## [Task to complete]
Print the whole listing below exactly, skipping every picture.
── Data segment ──
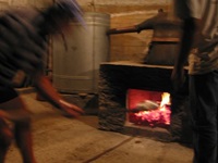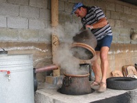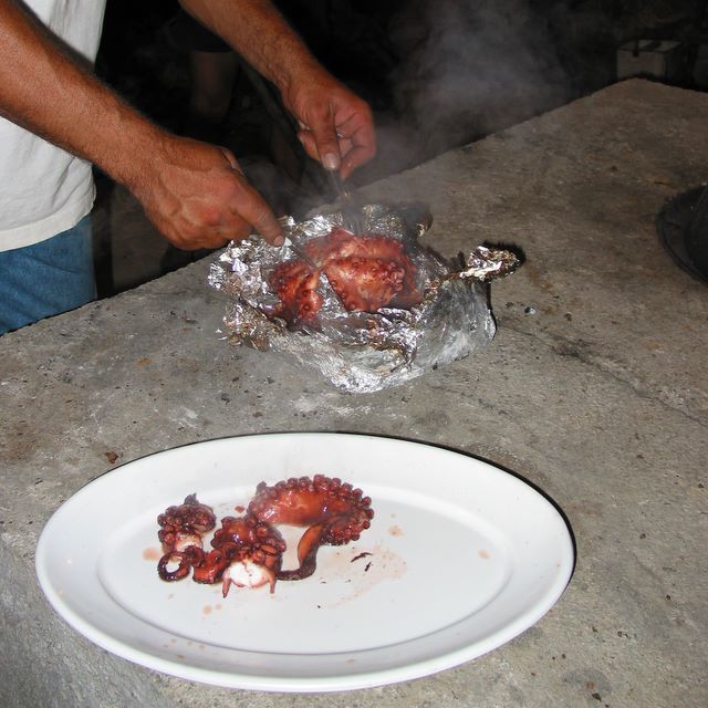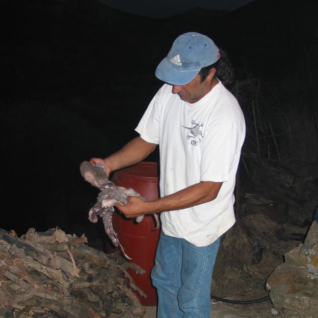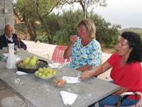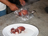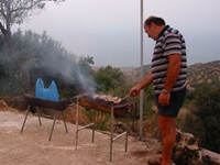 In vielen Serpentinen ging es kurz vor Sitia die Berge hinauf, wo er sein Haus hatte. Zwischen den einzelnen Brennvorgängen gab es reichlich zu Essen. Ein riesiger Oktopus wurde mit Wein in Alufolie eingepackt und dem Brennofen übergeben. Er schmeckte hervorragend. Ebenso mundete dazu der brennwarme Raki. Leider musste sich der Fahrer etwas zurückhalten für den Nachhauseweg. Zu vorgerückter Stunde gab es dann noch eine Tanzeinlage und zum Abschied nahmen wir noch eine Flasche Frischgebranntes mit auf den Weg.
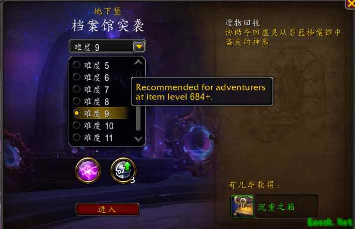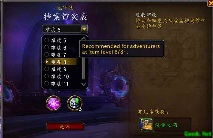 魔兽世界:新赛季地下堡推荐进入装等出炉,8层678+等级,11层697等级!
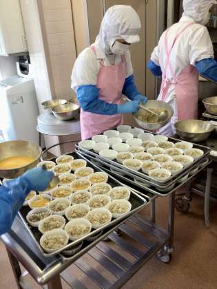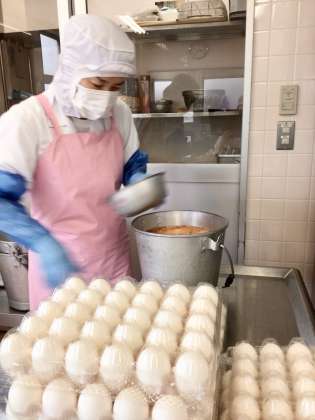 砧小学校全員分の卵焼きで使う卵の量は全部で約700個です。調理室でひとつひとつ手で割ります。
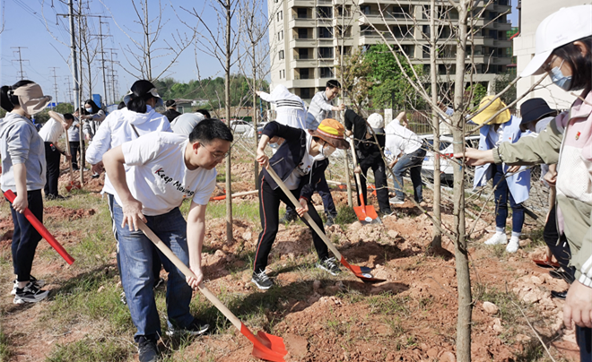 活动现场一派忙碌景象,大家鼓足干劲、分工合作、配合默契,或挥锄抡铲,或扶苗培土,将认购的32棵银杏树苗栽到千亿大道绿化堤段内,认真填好“我在株洲有棵树”认种认养牌,写下美好心愿,以实际行动为共建生态园林城市、共享宜居幸福株洲贡献力量。
───
## [Your response]
 In vielen Serpentinen ging es kurz vor Sitia die Berge hinauf, wo er sein Haus hatte. Zwischen den einzelnen Brennvorgängen gab es reichlich zu Essen. Ein riesiger Oktopus wurde mit Wein in Alufolie eingepackt und dem Brennofen übergeben. Er schmeckte hervorragend. Ebenso mundete dazu der brennwarme Raki. Leider musste sich der Fahrer etwas zurückhalten für den Nachhauseweg. Zu vorgerückter Stunde gab es dann noch eine Tanzeinlage und zum Abschied nahmen wir noch eine Flasche Frischgebranntes mit auf den Weg.
 魔兽世界:新赛季地下堡推荐进入装等出炉,8层678+等级,11层697等级!
 砧小学校全員分の卵焼きで使う卵の量は全部で約700個です。調理室でひとつひとつ手で割ります。
 活动现场一派忙碌景象,大家鼓足干劲、分工合作、配合默契,或挥锄抡铲,或扶苗培土,将认购的32棵银杏树苗栽到千亿大道绿化堤段内,认真填好“我在株洲有棵树”认种认养牌,写下美好心愿,以实际行动为共建生态园林城市、共享宜居幸福株洲贡献力量。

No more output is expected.